→ **SOURCE MATERIAL**
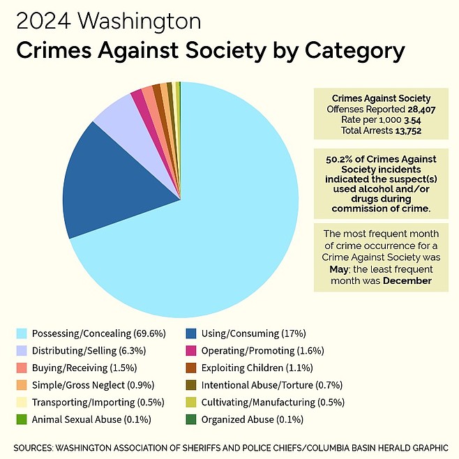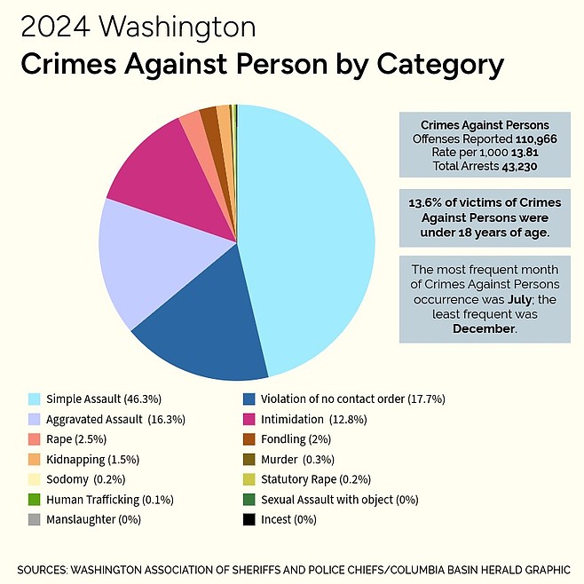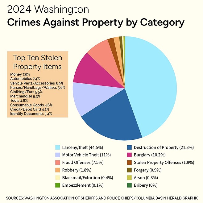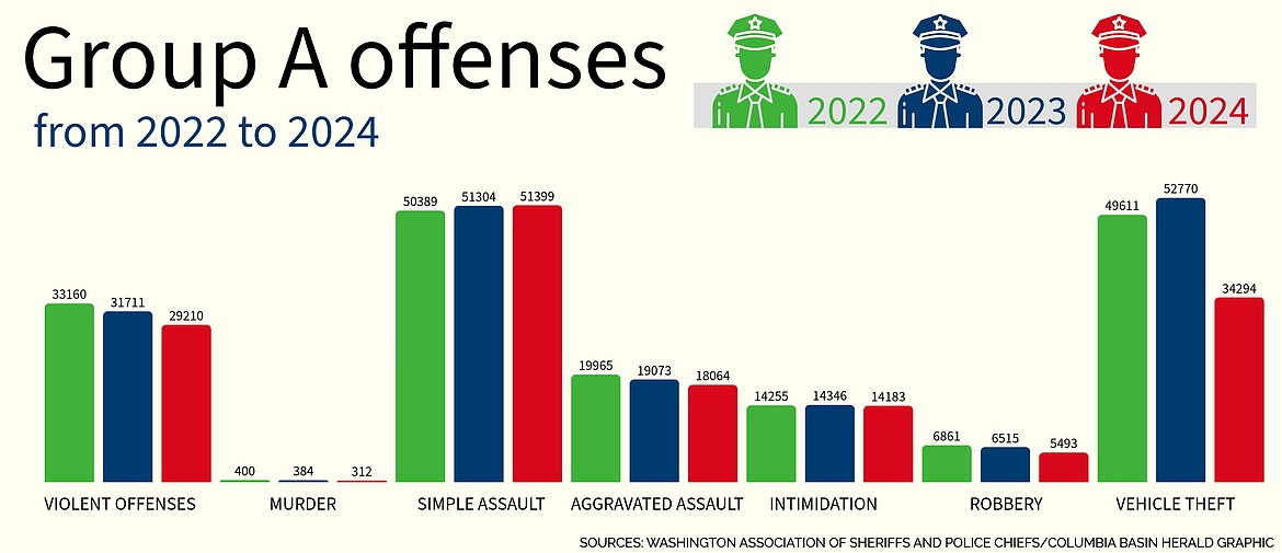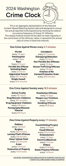 OLYMPIA — In the 2024 Crime in Washington report, published by the Washington Association of Sheriffs and Police Chiefs on Monday, a noticeable decline in crime rates across various categories was reported. Various police chiefs and Grant County Sheriff Joey Kriete said trends found within the report were mostly reflected locally.
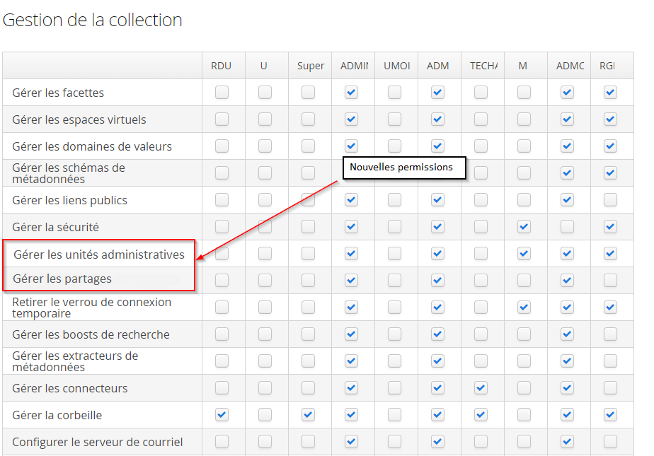 Nouvelles permissions dans la gestion des rôles
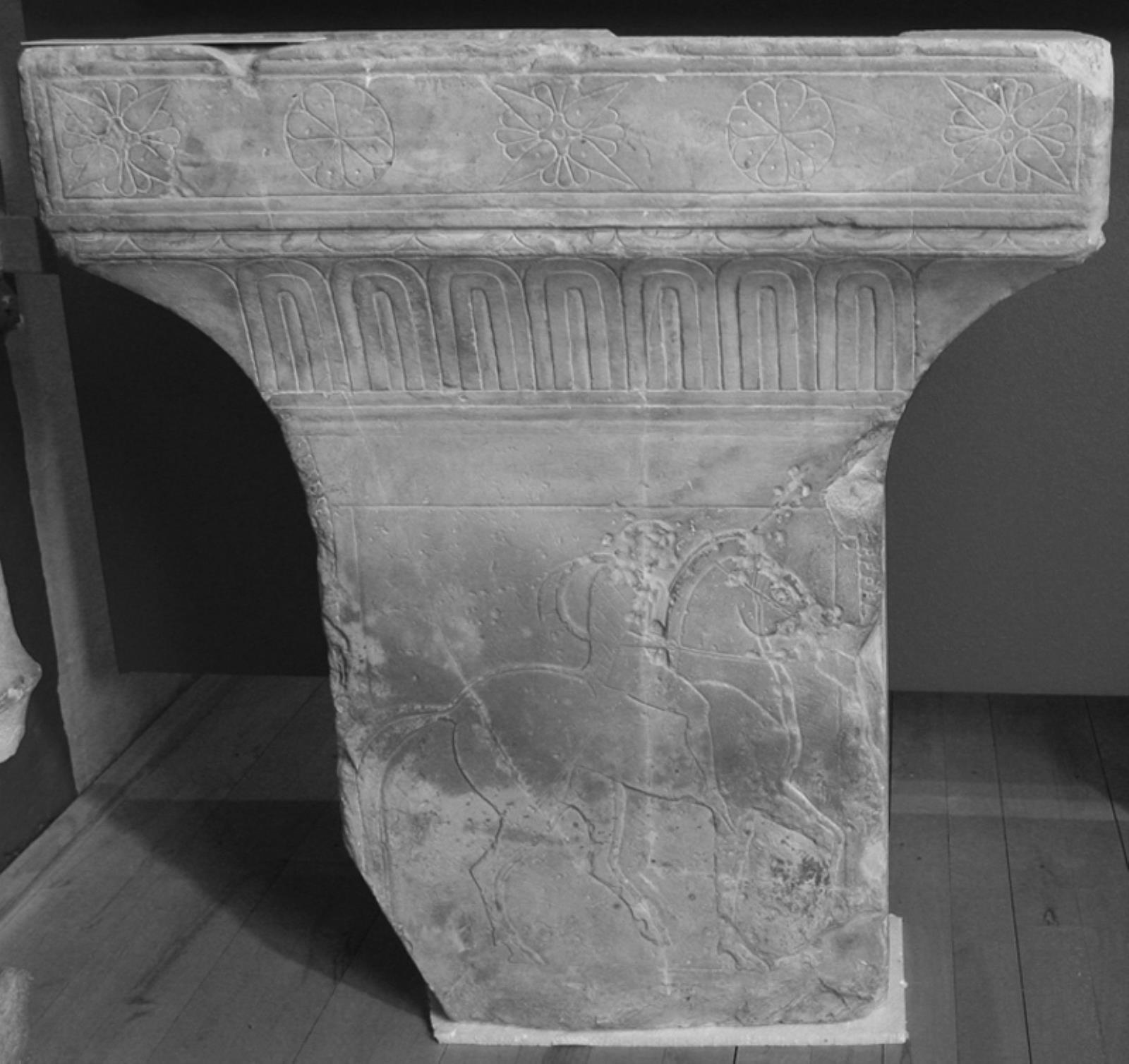 Kapitæl fra gravstele. Rytter, grædende kvinder og gammel mand by — VisualArtsDB
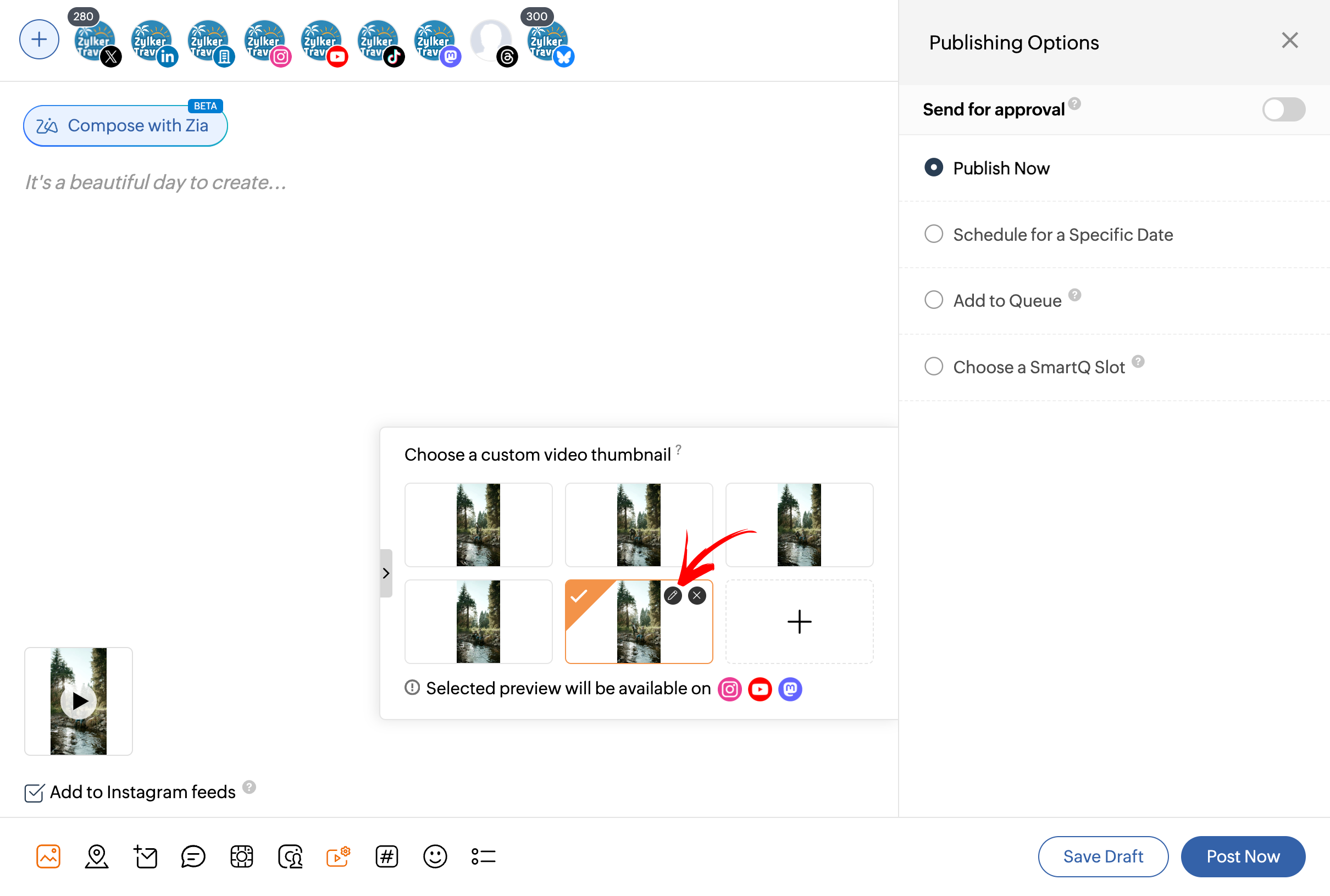 ii) デスクトップ、メディアライブラリ、クラウドピッカー、またはCanvaから画像をアップロードしてサムネイルとします。一度アップロードしたら、画像の上の編集アイコンをクリックして別の画像に置き換えることができます。
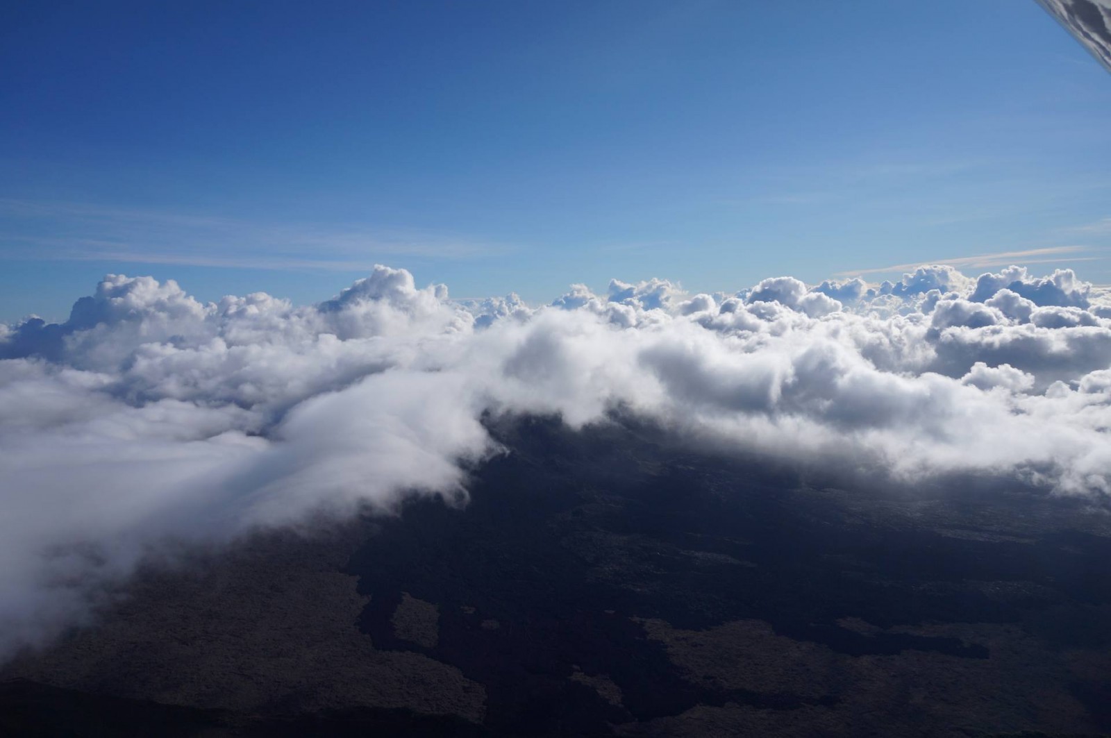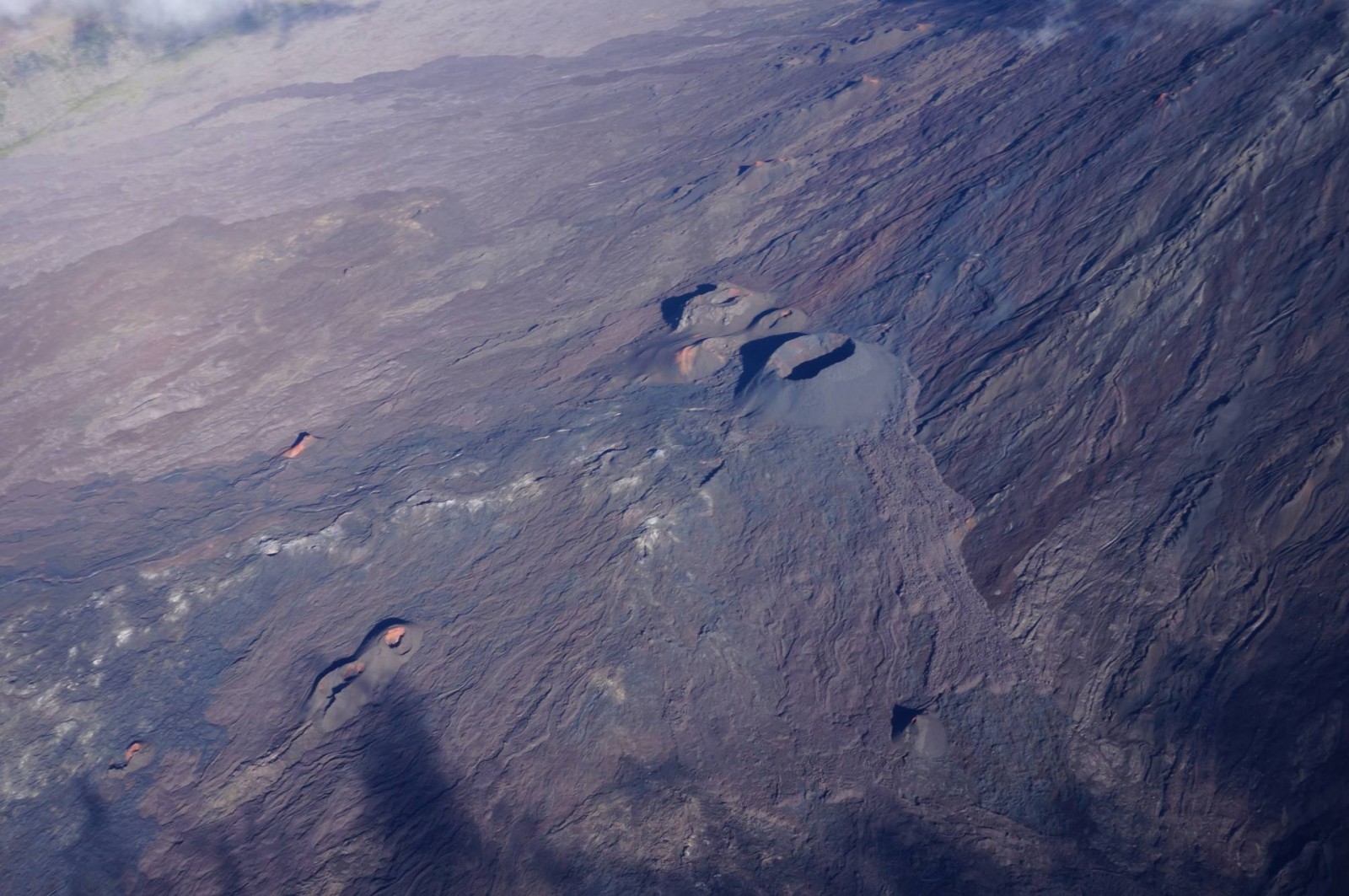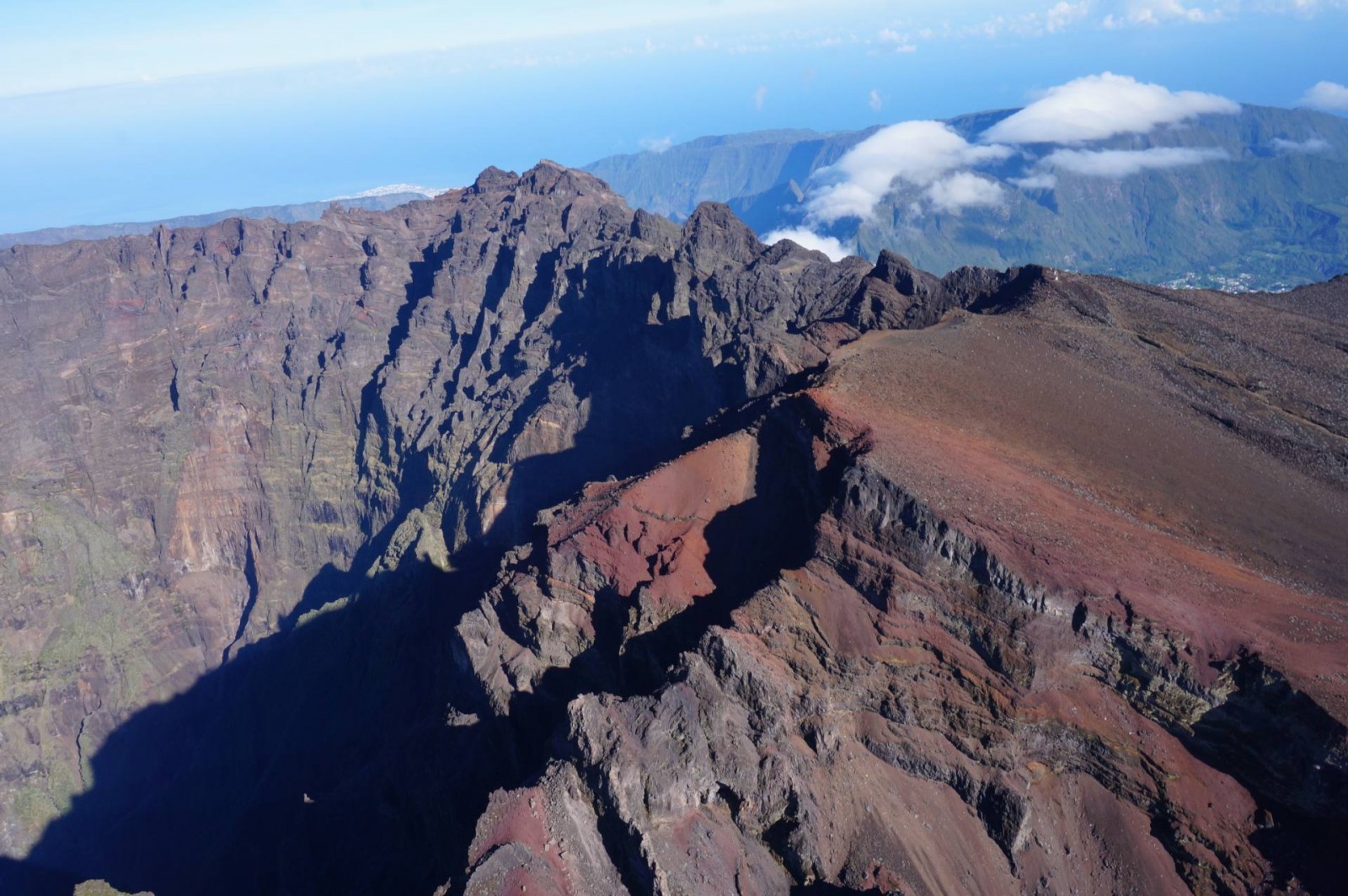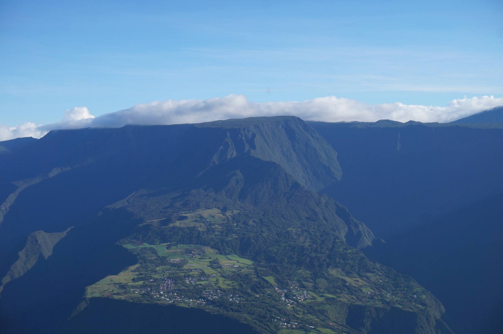 Le survol a commencé évidemment par Saint Pierre puis la Grande Anse. Ensuite, nous avons longé Petite Île et Saint Joseph avant de rentrer dans les terres. Les nuages étaient déjà arrivés dans ce coin là donc j’ai pu voir de belles mers de nuages. Et d’un seul coup, le Piton de la Fournaise est apparu. J’avais l’impression d’apercevoir un sol lunaire, c’est vraiment impressionnant. Après deux tours autour du cratère, j’ai pu l’apercevoir et même voir plusieurs petits cratères annexes. C’est vraiment une très belle vue. Nous avons ensuite commencé à remonter en direction des cirques. On a d’abord survolé la Plaine des Sables et commencé à apercevoir le Piton des Neiges. C’est un ancien volcan qui n’est plus actif mais qui a permis, par son activité passée, de créer les trois cirques : Mafate, Cilaos et Salazie.

→ **REQUIREMENT**
Every entry above has to be repeated exactly, apart from its pictures.

→ **ANSWER SPACE**
 OLYMPIA — In the 2024 Crime in Washington report, published by the Washington Association of Sheriffs and Police Chiefs on Monday, a noticeable decline in crime rates across various categories was reported. Various police chiefs and Grant County Sheriff Joey Kriete said trends found within the report were mostly reflected locally.
 Nouvelles permissions dans la gestion des rôles
 Kapitæl fra gravstele. Rytter, grædende kvinder og gammel mand by — VisualArtsDB
 ii) デスクトップ、メディアライブラリ、クラウドピッカー、またはCanvaから画像をアップロードしてサムネイルとします。一度アップロードしたら、画像の上の編集アイコンをクリックして別の画像に置き換えることができます。
 Le survol a commencé évidemment par Saint Pierre puis la Grande Anse. Ensuite, nous avons longé Petite Île et Saint Joseph avant de rentrer dans les terres. Les nuages étaient déjà arrivés dans ce coin là donc j’ai pu voir de belles mers de nuages. Et d’un seul coup, le Piton de la Fournaise est apparu. J’avais l’impression d’apercevoir un sol lunaire, c’est vraiment impressionnant. Après deux tours autour du cratère, j’ai pu l’apercevoir et même voir plusieurs petits cratères annexes. C’est vraiment une très belle vue. Nous avons ensuite commencé à remonter en direction des cirques. On a d’abord survolé la Plaine des Sables et commencé à apercevoir le Piton des Neiges. C’est un ancien volcan qui n’est plus actif mais qui a permis, par son activité passée, de créer les trois cirques : Mafate, Cilaos et Salazie.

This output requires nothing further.